Source material |
──────────────────────────────

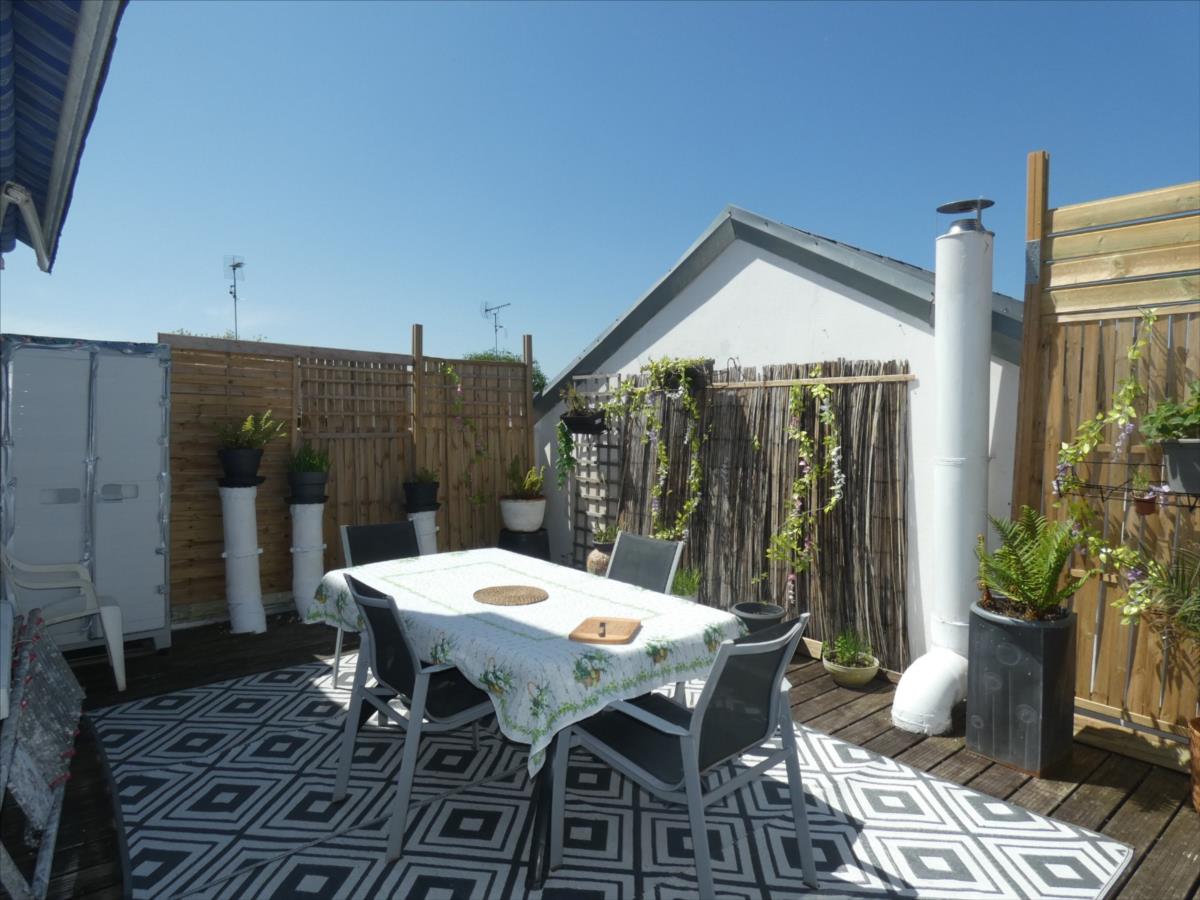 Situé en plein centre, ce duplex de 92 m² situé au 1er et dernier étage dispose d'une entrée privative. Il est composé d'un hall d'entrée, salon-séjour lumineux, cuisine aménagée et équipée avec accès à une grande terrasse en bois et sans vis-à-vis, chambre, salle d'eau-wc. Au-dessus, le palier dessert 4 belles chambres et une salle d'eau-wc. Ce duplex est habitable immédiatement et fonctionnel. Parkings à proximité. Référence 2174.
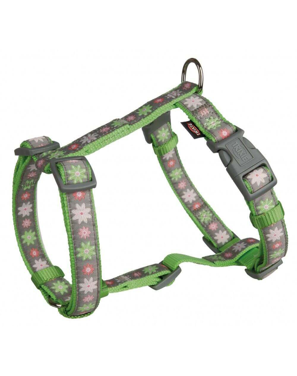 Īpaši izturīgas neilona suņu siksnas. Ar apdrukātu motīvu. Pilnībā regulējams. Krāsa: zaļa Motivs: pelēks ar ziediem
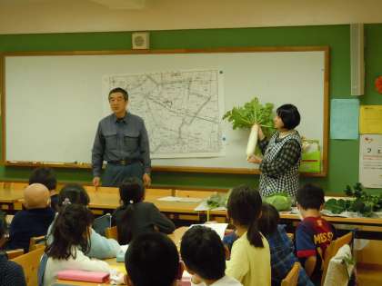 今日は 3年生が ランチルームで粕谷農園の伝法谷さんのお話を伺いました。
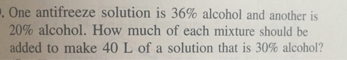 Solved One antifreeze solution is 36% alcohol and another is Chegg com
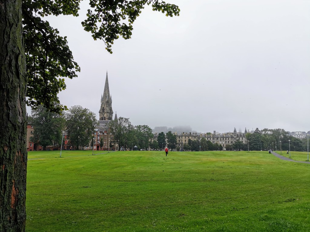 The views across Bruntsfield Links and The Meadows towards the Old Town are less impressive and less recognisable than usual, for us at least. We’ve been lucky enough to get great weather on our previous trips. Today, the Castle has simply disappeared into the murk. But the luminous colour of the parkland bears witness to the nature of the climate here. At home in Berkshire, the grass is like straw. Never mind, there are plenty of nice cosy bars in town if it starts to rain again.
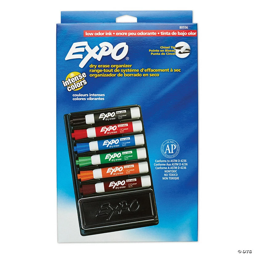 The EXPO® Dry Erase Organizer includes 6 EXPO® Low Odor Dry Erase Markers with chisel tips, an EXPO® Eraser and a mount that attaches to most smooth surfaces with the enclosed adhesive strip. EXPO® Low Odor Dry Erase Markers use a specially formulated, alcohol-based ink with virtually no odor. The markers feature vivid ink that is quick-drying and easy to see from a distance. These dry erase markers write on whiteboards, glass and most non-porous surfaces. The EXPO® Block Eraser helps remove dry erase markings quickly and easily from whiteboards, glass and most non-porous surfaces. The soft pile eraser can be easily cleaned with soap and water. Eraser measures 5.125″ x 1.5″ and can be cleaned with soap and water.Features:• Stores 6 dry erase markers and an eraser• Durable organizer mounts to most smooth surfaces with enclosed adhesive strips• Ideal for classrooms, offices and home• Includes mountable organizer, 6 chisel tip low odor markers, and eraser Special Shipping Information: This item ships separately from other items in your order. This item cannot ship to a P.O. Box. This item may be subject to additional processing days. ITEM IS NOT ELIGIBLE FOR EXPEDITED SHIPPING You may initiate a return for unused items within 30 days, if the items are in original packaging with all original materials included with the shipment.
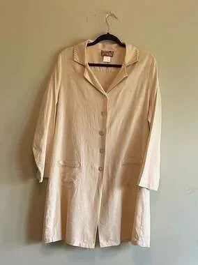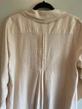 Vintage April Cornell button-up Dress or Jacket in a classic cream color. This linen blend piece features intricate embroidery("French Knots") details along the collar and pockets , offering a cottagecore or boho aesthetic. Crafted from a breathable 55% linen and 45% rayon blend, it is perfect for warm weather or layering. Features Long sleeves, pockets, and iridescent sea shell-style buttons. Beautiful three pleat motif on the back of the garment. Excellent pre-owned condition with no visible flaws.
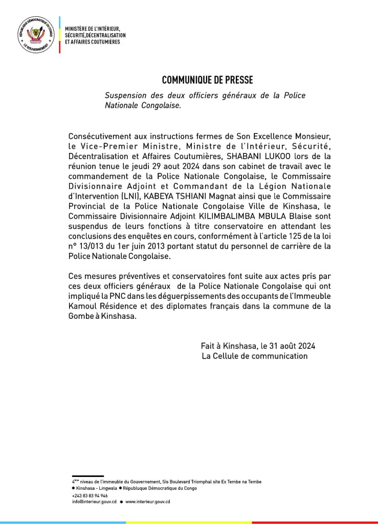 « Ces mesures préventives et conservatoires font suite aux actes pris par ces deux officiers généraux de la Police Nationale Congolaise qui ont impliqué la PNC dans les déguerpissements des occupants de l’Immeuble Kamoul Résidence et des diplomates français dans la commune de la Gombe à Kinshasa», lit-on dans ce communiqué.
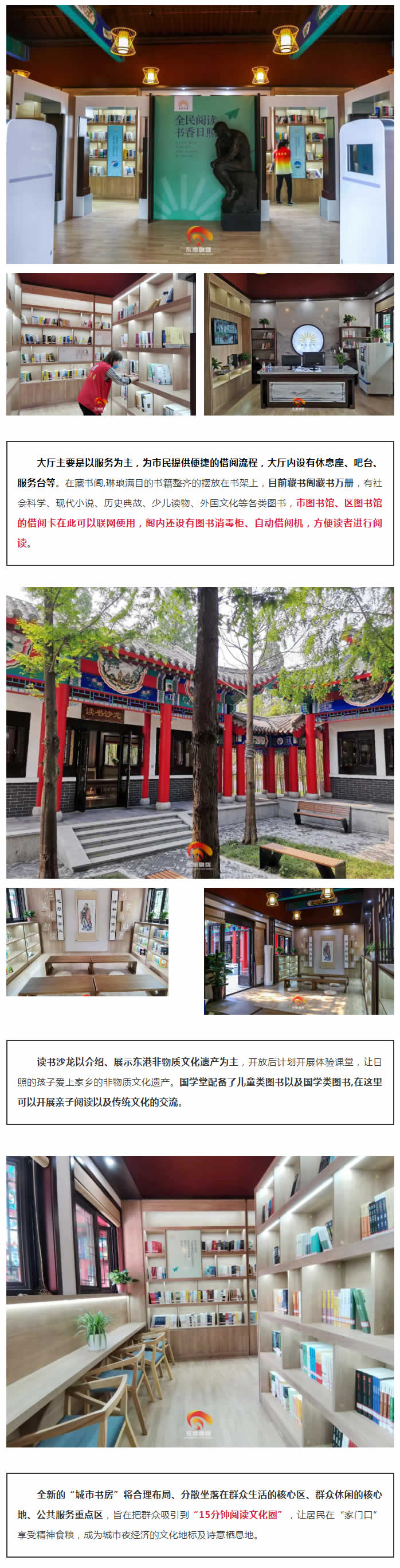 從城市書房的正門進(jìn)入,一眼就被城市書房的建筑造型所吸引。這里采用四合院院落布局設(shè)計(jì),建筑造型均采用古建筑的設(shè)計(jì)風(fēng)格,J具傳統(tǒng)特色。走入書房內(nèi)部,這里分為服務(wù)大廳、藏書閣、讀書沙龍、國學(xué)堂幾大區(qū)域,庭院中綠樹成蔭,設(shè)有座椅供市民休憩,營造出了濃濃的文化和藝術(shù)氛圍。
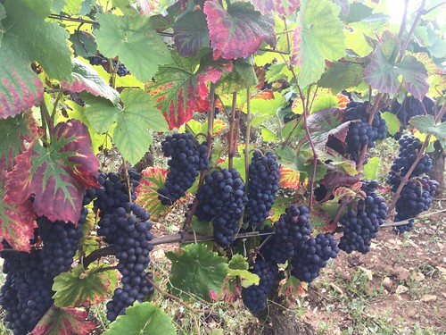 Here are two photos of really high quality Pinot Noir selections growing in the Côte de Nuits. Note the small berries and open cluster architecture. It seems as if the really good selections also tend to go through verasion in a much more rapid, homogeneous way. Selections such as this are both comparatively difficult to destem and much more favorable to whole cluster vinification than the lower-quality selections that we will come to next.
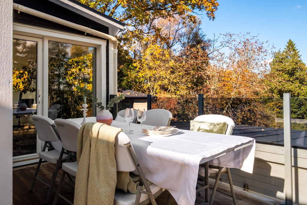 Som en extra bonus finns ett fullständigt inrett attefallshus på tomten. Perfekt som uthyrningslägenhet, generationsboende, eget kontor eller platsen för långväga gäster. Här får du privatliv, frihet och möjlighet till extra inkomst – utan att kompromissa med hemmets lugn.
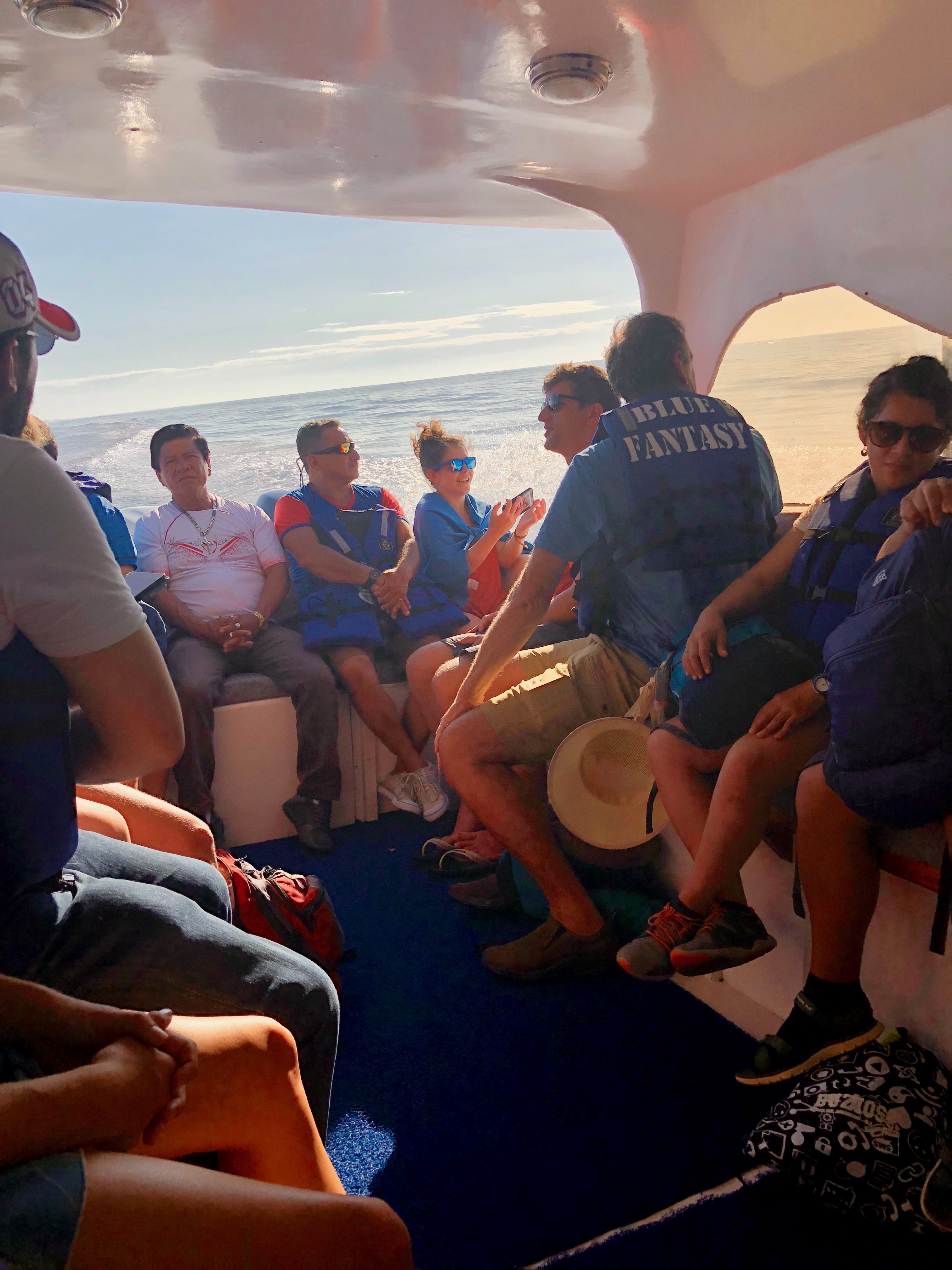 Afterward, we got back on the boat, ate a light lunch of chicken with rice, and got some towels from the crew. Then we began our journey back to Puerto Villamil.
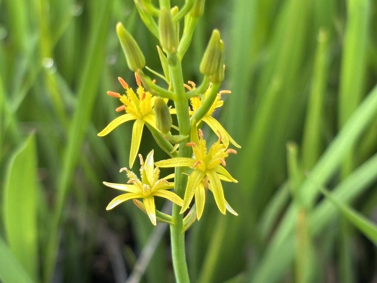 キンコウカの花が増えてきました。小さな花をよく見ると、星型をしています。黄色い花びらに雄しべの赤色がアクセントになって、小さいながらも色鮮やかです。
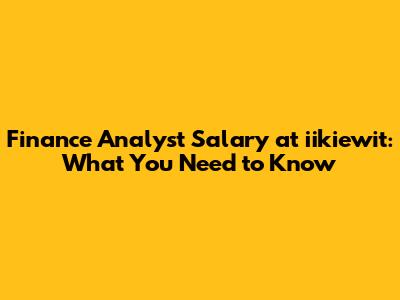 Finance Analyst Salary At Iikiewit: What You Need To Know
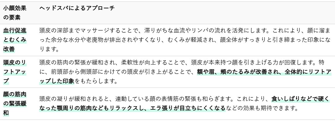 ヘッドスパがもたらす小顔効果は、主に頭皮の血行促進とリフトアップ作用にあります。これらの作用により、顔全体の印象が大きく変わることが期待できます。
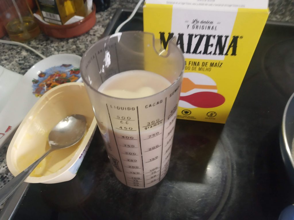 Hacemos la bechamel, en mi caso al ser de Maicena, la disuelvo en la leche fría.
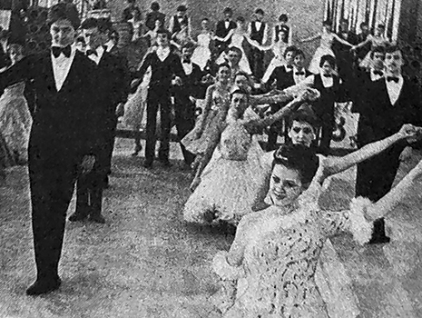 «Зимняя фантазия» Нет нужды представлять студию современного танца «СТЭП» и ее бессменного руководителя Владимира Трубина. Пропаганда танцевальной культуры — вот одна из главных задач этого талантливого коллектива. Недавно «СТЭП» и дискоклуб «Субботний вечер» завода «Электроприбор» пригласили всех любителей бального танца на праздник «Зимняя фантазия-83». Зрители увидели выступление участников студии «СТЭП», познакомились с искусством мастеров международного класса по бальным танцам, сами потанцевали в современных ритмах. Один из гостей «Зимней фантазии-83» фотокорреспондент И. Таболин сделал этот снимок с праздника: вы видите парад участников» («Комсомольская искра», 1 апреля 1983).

──────────────────────────────

The problem | Apart from the pictures, write every entry out again exactly.

Task solution |
 Situé en plein centre, ce duplex de 92 m² situé au 1er et dernier étage dispose d'une entrée privative. Il est composé d'un hall d'entrée, salon-séjour lumineux, cuisine aménagée et équipée avec accès à une grande terrasse en bois et sans vis-à-vis, chambre, salle d'eau-wc. Au-dessus, le palier dessert 4 belles chambres et une salle d'eau-wc. Ce duplex est habitable immédiatement et fonctionnel. Parkings à proximité. Référence 2174.
 Īpaši izturīgas neilona suņu siksnas. Ar apdrukātu motīvu. Pilnībā regulējams. Krāsa: zaļa Motivs: pelēks ar ziediem
 今日は 3年生が ランチルームで粕谷農園の伝法谷さんのお話を伺いました。
 Solved One antifreeze solution is 36% alcohol and another is Chegg com
 The views across Bruntsfield Links and The Meadows towards the Old Town are less impressive and less recognisable than usual, for us at least. We’ve been lucky enough to get great weather on our previous trips. Today, the Castle has simply disappeared into the murk. But the luminous colour of the parkland bears witness to the nature of the climate here. At home in Berkshire, the grass is like straw. Never mind, there are plenty of nice cosy bars in town if it starts to rain again.
 The EXPO® Dry Erase Organizer includes 6 EXPO® Low Odor Dry Erase Markers with chisel tips, an EXPO® Eraser and a mount that attaches to most smooth surfaces with the enclosed adhesive strip. EXPO® Low Odor Dry Erase Markers use a specially formulated, alcohol-based ink with virtually no odor. The markers feature vivid ink that is quick-drying and easy to see from a distance. These dry erase markers write on whiteboards, glass and most non-porous surfaces. The EXPO® Block Eraser helps remove dry erase markings quickly and easily from whiteboards, glass and most non-porous surfaces. The soft pile eraser can be easily cleaned with soap and water. Eraser measures 5.125″ x 1.5″ and can be cleaned with soap and water.Features:• Stores 6 dry erase markers and an eraser• Durable organizer mounts to most smooth surfaces with enclosed adhesive strips• Ideal for classrooms, offices and home• Includes mountable organizer, 6 chisel tip low odor markers, and eraser Special Shipping Information: This item ships separately from other items in your order. This item cannot ship to a P.O. Box. This item may be subject to additional processing days. ITEM IS NOT ELIGIBLE FOR EXPEDITED SHIPPING You may initiate a return for unused items within 30 days, if the items are in original packaging with all original materials included with the shipment.
 Vintage April Cornell button-up Dress or Jacket in a classic cream color. This linen blend piece features intricate embroidery("French Knots") details along the collar and pockets , offering a cottagecore or boho aesthetic. Crafted from a breathable 55% linen and 45% rayon blend, it is perfect for warm weather or layering. Features Long sleeves, pockets, and iridescent sea shell-style buttons. Beautiful three pleat motif on the back of the garment. Excellent pre-owned condition with no visible flaws.
 « Ces mesures préventives et conservatoires font suite aux actes pris par ces deux officiers généraux de la Police Nationale Congolaise qui ont impliqué la PNC dans les déguerpissements des occupants de l’Immeuble Kamoul Résidence et des diplomates français dans la commune de la Gombe à Kinshasa», lit-on dans ce communiqué.
 從城市書房的正門進(jìn)入,一眼就被城市書房的建筑造型所吸引。這里采用四合院院落布局設(shè)計(jì),建筑造型均采用古建筑的設(shè)計(jì)風(fēng)格,J具傳統(tǒng)特色。走入書房內(nèi)部,這里分為服務(wù)大廳、藏書閣、讀書沙龍、國學(xué)堂幾大區(qū)域,庭院中綠樹成蔭,設(shè)有座椅供市民休憩,營造出了濃濃的文化和藝術(shù)氛圍。
 Here are two photos of really high quality Pinot Noir selections growing in the Côte de Nuits. Note the small berries and open cluster architecture. It seems as if the really good selections also tend to go through verasion in a much more rapid, homogeneous way. Selections such as this are both comparatively difficult to destem and much more favorable to whole cluster vinification than the lower-quality selections that we will come to next.
 Som en extra bonus finns ett fullständigt inrett attefallshus på tomten. Perfekt som uthyrningslägenhet, generationsboende, eget kontor eller platsen för långväga gäster. Här får du privatliv, frihet och möjlighet till extra inkomst – utan att kompromissa med hemmets lugn.
 Afterward, we got back on the boat, ate a light lunch of chicken with rice, and got some towels from the crew. Then we began our journey back to Puerto Villamil.
 キンコウカの花が増えてきました。小さな花をよく見ると、星型をしています。黄色い花びらに雄しべの赤色がアクセントになって、小さいながらも色鮮やかです。
 Finance Analyst Salary At Iikiewit: What You Need To Know
 ヘッドスパがもたらす小顔効果は、主に頭皮の血行促進とリフトアップ作用にあります。これらの作用により、顔全体の印象が大きく変わることが期待できます。
 Hacemos la bechamel, en mi caso al ser de Maicena, la disuelvo en la leche fría.
 «Зимняя фантазия» Нет нужды представлять студию современного танца «СТЭП» и ее бессменного руководителя Владимира Трубина. Пропаганда танцевальной культуры — вот одна из главных задач этого талантливого коллектива. Недавно «СТЭП» и дискоклуб «Субботний вечер» завода «Электроприбор» пригласили всех любителей бального танца на праздник «Зимняя фантазия-83». Зрители увидели выступление участников студии «СТЭП», познакомились с искусством мастеров международного класса по бальным танцам, сами потанцевали в современных ритмах. Один из гостей «Зимней фантазии-83» фотокорреспондент И. Таболин сделал этот снимок с праздника: вы видите парад участников» («Комсомольская искра», 1 апреля 1983).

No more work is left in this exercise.